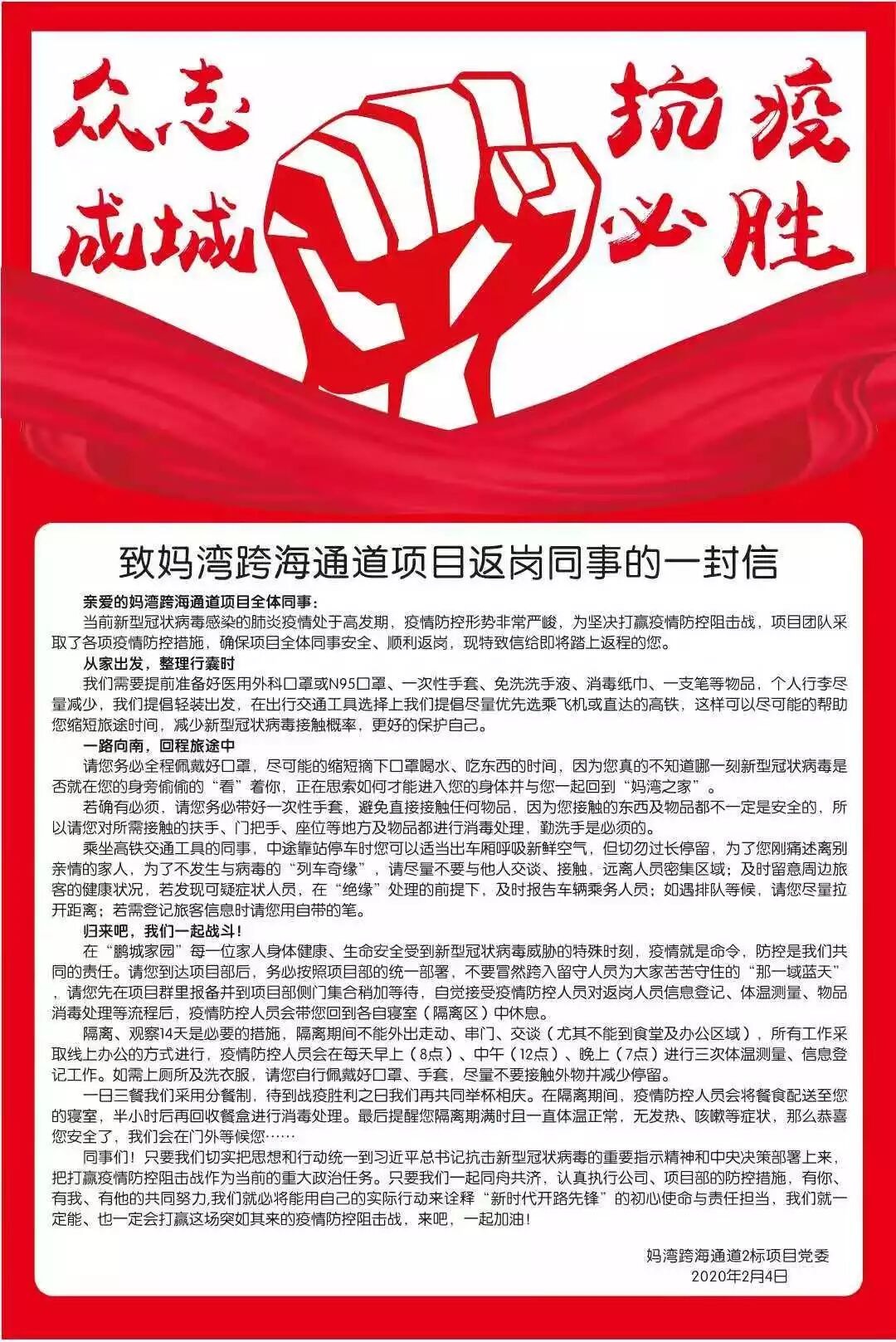 庚子新春,新型冠狀病毒牽動著億萬民眾的心,在新型冠狀病毒感染的肺炎疫情高發(fā)的嚴峻形勢下,深圳公司媽灣跨海通道項目部積極響應國家號召,不等不靠,采取“六步”戰(zhàn)疫法,全力以赴做好復工準備工作,堅決打贏疫情防控阻擊戰(zhàn),確保項目施工生產(chǎn)恢復正常。
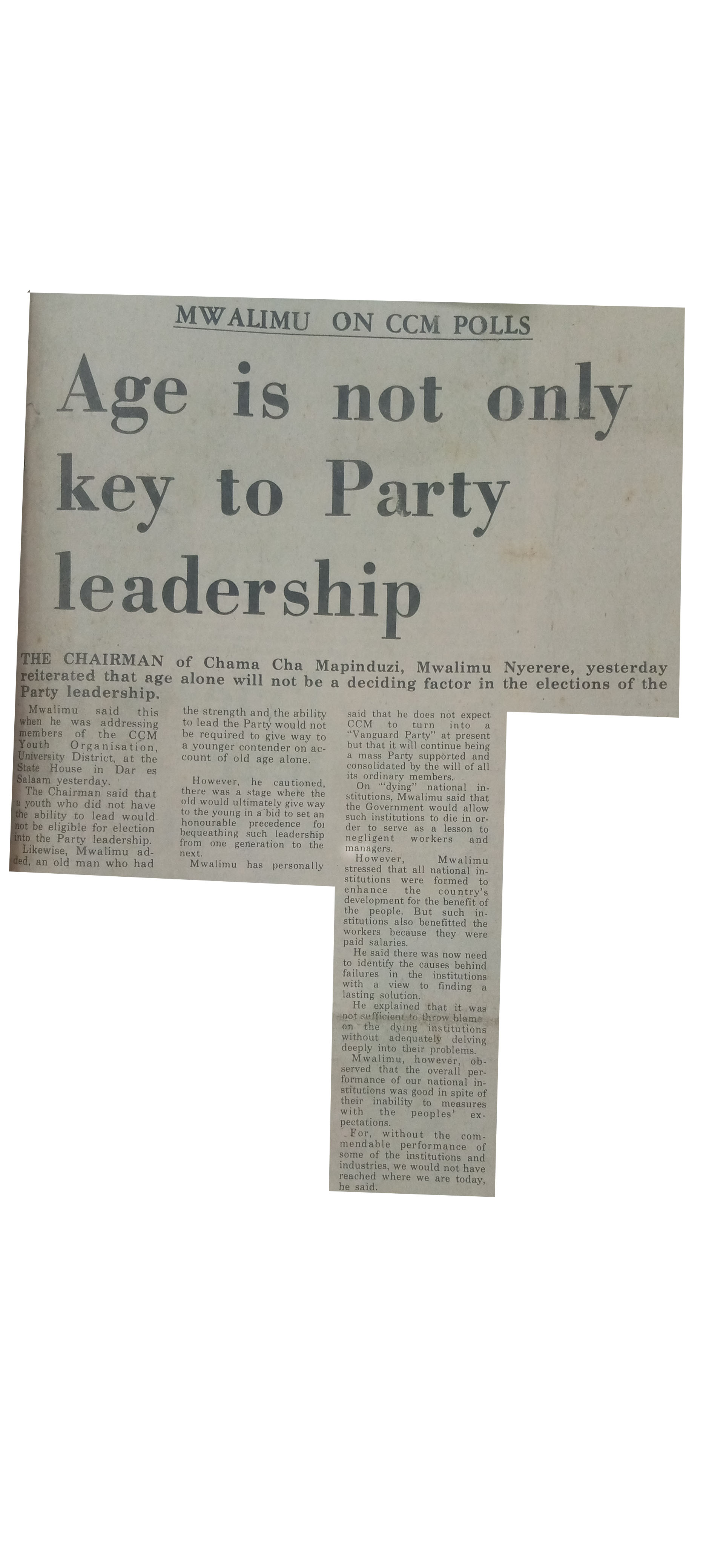 Mwalimu on CCM polls: Age is not only key to party leadership (1977, July 29). Daily News, pp1.
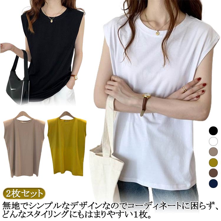 2枚セット フレンチスリーブ Tシャツ レディース タンクトップ キャミソール ロンT クルーネック トップス インナー ノースリーブ 無地 インナーシャツ カットソー 袖なし 体型カバー ゆったり
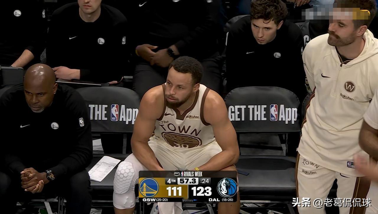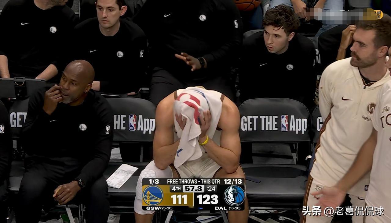 在今天勇士客场挑战独行侠的比赛中,发生了让人无比心碎的一幕。当时距离全场比赛结束还剩最后的57.3秒,勇士以111:123落后对手12分,基本上败局已定了。这个时候转播镜头给到了勇士的替补席,只见此役砍下38分的库里先是用毛巾搭在脑袋上看起来极其的沮丧、失落和无奈,接着库里神情落寞的看着场上的比赛,他的眼神里充满了失望,让人看着特别的心碎。
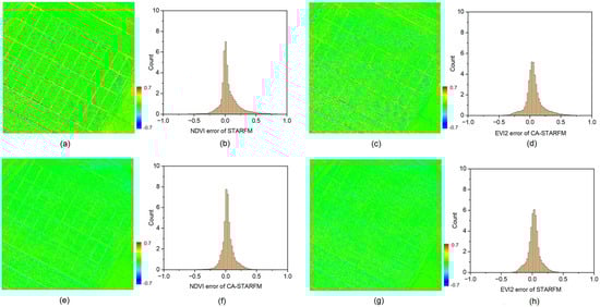 Error analysis of VIs. (a) spatial distribution of NDVI error of STARFM, (b) probability density distribution of NDVI error of STARFM, (c) spatial distribution of EVI2 error of STARFM, (d) probability density distribution of EVI2 error of STARFM, (e) spatial distribution of NDVI error of CA−STARFM, (f) probability density distribution of NDVI error of CA−STARFM, (g) spatial distribution of EVI2 error of CA−STARFM, (h) probability density distribution of EVI2 error of CA−STARFM. Reference system is WGS 1984−UTM 50 N. Representation scale is 1:700.

EXERCISE PROMPT: Please reproduce the whole listing exactly; the pictures stay out.

SOLVED EXERCISE:
 庚子新春,新型冠狀病毒牽動著億萬民眾的心,在新型冠狀病毒感染的肺炎疫情高發(fā)的嚴峻形勢下,深圳公司媽灣跨海通道項目部積極響應國家號召,不等不靠,采取“六步”戰(zhàn)疫法,全力以赴做好復工準備工作,堅決打贏疫情防控阻擊戰(zhàn),確保項目施工生產(chǎn)恢復正常。
 Mwalimu on CCM polls: Age is not only key to party leadership (1977, July 29). Daily News, pp1.
 2枚セット フレンチスリーブ Tシャツ レディース タンクトップ キャミソール ロンT クルーネック トップス インナー ノースリーブ 無地 インナーシャツ カットソー 袖なし 体型カバー ゆったり
 在今天勇士客场挑战独行侠的比赛中,发生了让人无比心碎的一幕。当时距离全场比赛结束还剩最后的57.3秒,勇士以111:123落后对手12分,基本上败局已定了。这个时候转播镜头给到了勇士的替补席,只见此役砍下38分的库里先是用毛巾搭在脑袋上看起来极其的沮丧、失落和无奈,接着库里神情落寞的看着场上的比赛,他的眼神里充满了失望,让人看着特别的心碎。
 Error analysis of VIs. (a) spatial distribution of NDVI error of STARFM, (b) probability density distribution of NDVI error of STARFM, (c) spatial distribution of EVI2 error of STARFM, (d) probability density distribution of EVI2 error of STARFM, (e) spatial distribution of NDVI error of CA−STARFM, (f) probability density distribution of NDVI error of CA−STARFM, (g) spatial distribution of EVI2 error of CA−STARFM, (h) probability density distribution of EVI2 error of CA−STARFM. Reference system is WGS 1984−UTM 50 N. Representation scale is 1:700.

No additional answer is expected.